MATERIALS PROVIDED —
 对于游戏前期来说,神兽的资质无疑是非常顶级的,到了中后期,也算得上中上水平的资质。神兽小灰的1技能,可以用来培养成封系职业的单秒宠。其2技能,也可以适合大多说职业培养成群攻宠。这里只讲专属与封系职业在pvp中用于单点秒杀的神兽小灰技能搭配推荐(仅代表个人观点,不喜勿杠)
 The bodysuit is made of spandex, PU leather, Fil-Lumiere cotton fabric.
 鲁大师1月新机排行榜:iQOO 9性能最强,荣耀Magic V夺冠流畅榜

---

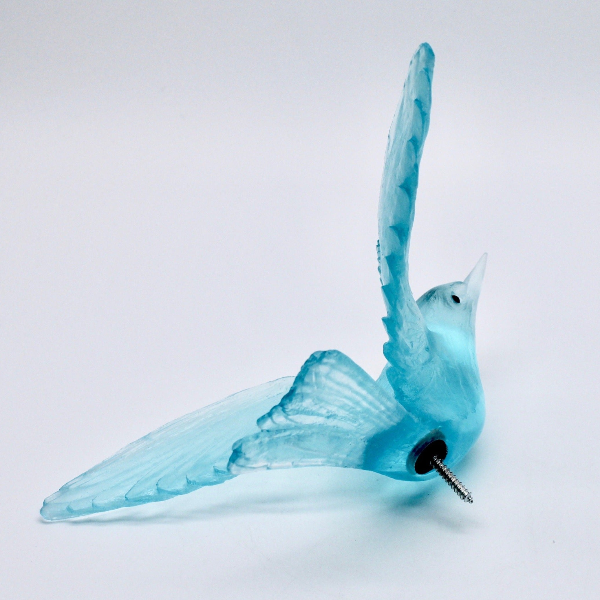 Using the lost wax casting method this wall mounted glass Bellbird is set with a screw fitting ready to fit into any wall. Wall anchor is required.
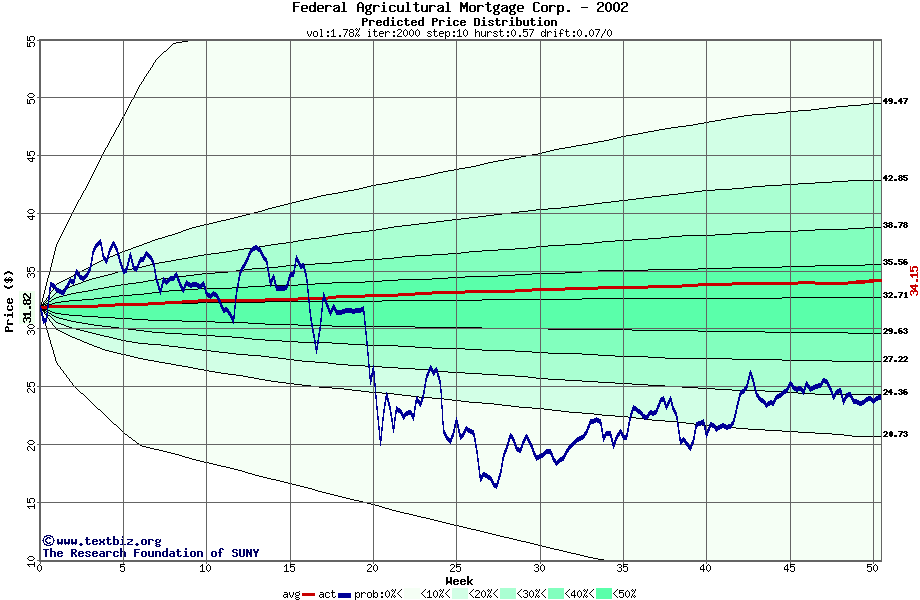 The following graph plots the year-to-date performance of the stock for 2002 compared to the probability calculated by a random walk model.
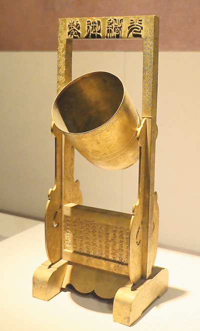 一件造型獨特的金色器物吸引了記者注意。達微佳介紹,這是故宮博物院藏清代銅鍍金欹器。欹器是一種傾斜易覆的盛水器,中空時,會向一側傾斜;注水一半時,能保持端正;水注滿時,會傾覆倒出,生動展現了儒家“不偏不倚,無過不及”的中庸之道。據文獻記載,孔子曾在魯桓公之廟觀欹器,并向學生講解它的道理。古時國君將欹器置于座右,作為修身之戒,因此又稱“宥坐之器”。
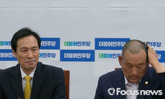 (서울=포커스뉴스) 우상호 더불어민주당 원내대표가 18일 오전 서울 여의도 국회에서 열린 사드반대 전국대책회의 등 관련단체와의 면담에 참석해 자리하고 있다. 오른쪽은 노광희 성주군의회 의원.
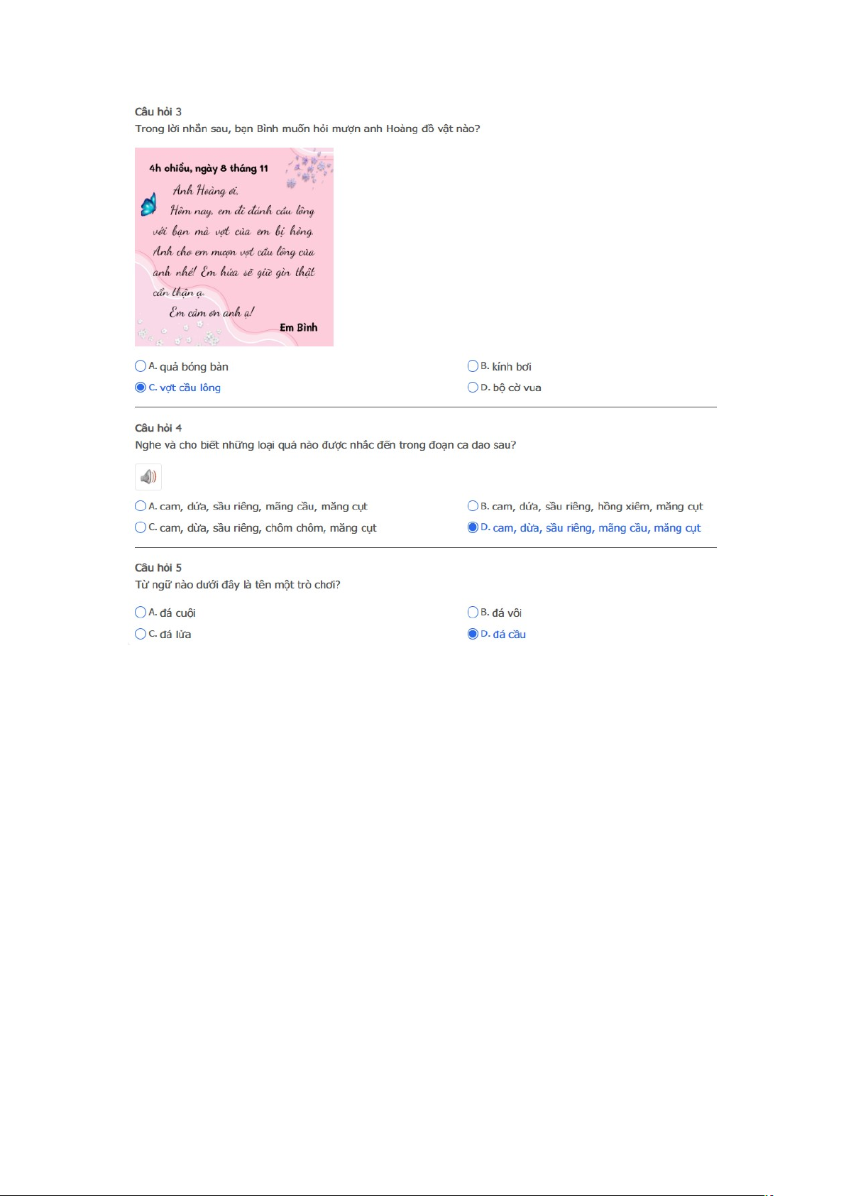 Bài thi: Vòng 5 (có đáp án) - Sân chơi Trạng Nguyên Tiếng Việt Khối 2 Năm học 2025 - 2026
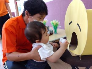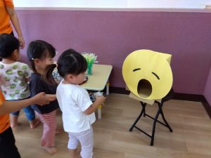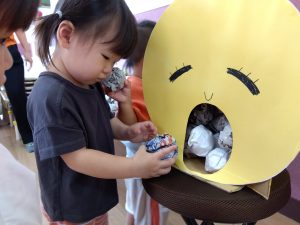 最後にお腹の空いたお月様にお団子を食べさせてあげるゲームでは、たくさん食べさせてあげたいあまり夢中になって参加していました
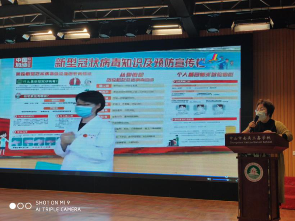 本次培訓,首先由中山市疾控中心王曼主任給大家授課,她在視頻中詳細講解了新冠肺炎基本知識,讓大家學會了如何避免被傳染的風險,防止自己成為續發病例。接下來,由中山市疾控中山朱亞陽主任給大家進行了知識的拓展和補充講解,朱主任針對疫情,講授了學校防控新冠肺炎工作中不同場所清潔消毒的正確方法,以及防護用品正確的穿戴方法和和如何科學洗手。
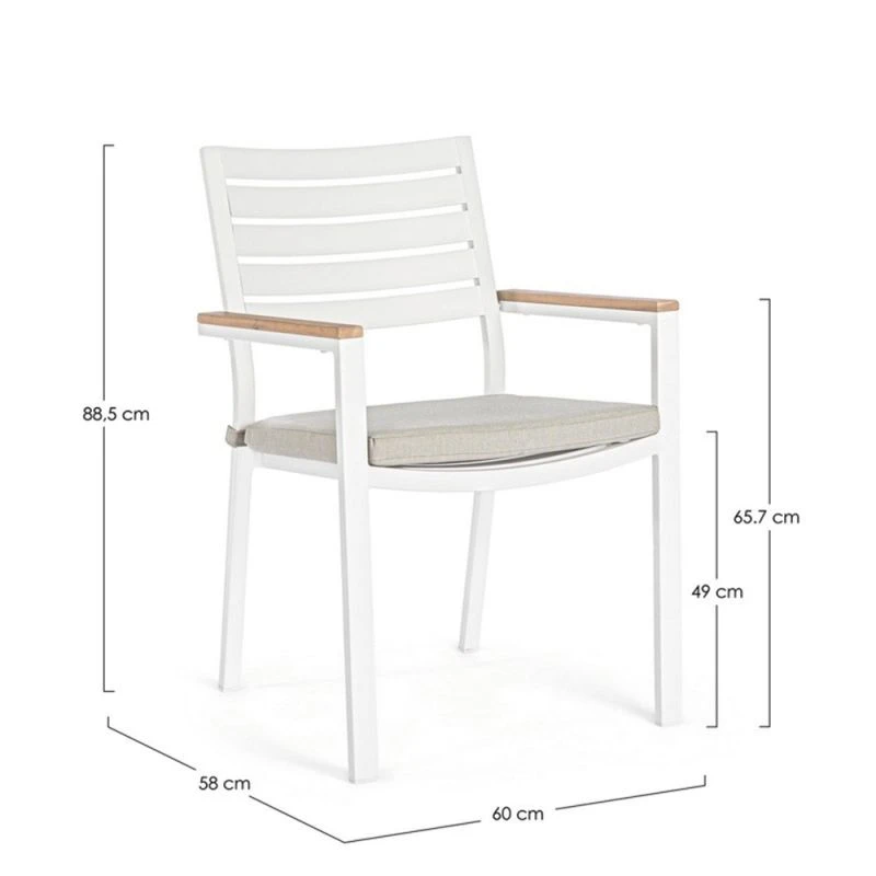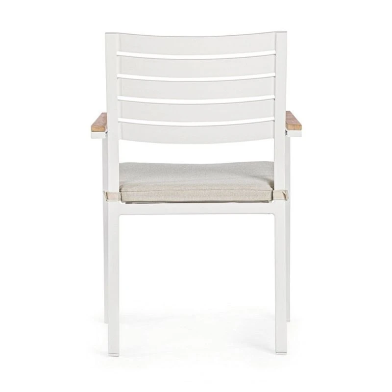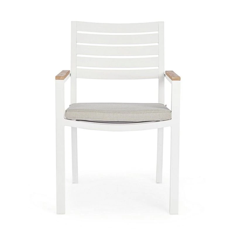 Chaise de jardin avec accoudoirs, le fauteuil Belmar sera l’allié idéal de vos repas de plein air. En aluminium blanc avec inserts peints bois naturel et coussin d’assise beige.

INSTRUCTIONS FOR THE TASK — After locating the line with "对于游戏前期来说,神兽的资质" in the material above, return it and each line after it exactly, ending at the line with "鲁大师1月新机排行榜:iQOO 9性能最强,荣耀Magic V夺冠流畅榜".

ANSWER AREA —
 对于游戏前期来说,神兽的资质无疑是非常顶级的,到了中后期,也算得上中上水平的资质。神兽小灰的1技能,可以用来培养成封系职业的单秒宠。其2技能,也可以适合大多说职业培养成群攻宠。这里只讲专属与封系职业在pvp中用于单点秒杀的神兽小灰技能搭配推荐(仅代表个人观点,不喜勿杠)
 The bodysuit is made of spandex, PU leather, Fil-Lumiere cotton fabric.
 鲁大师1月新机排行榜:iQOO 9性能最强,荣耀Magic V夺冠流畅榜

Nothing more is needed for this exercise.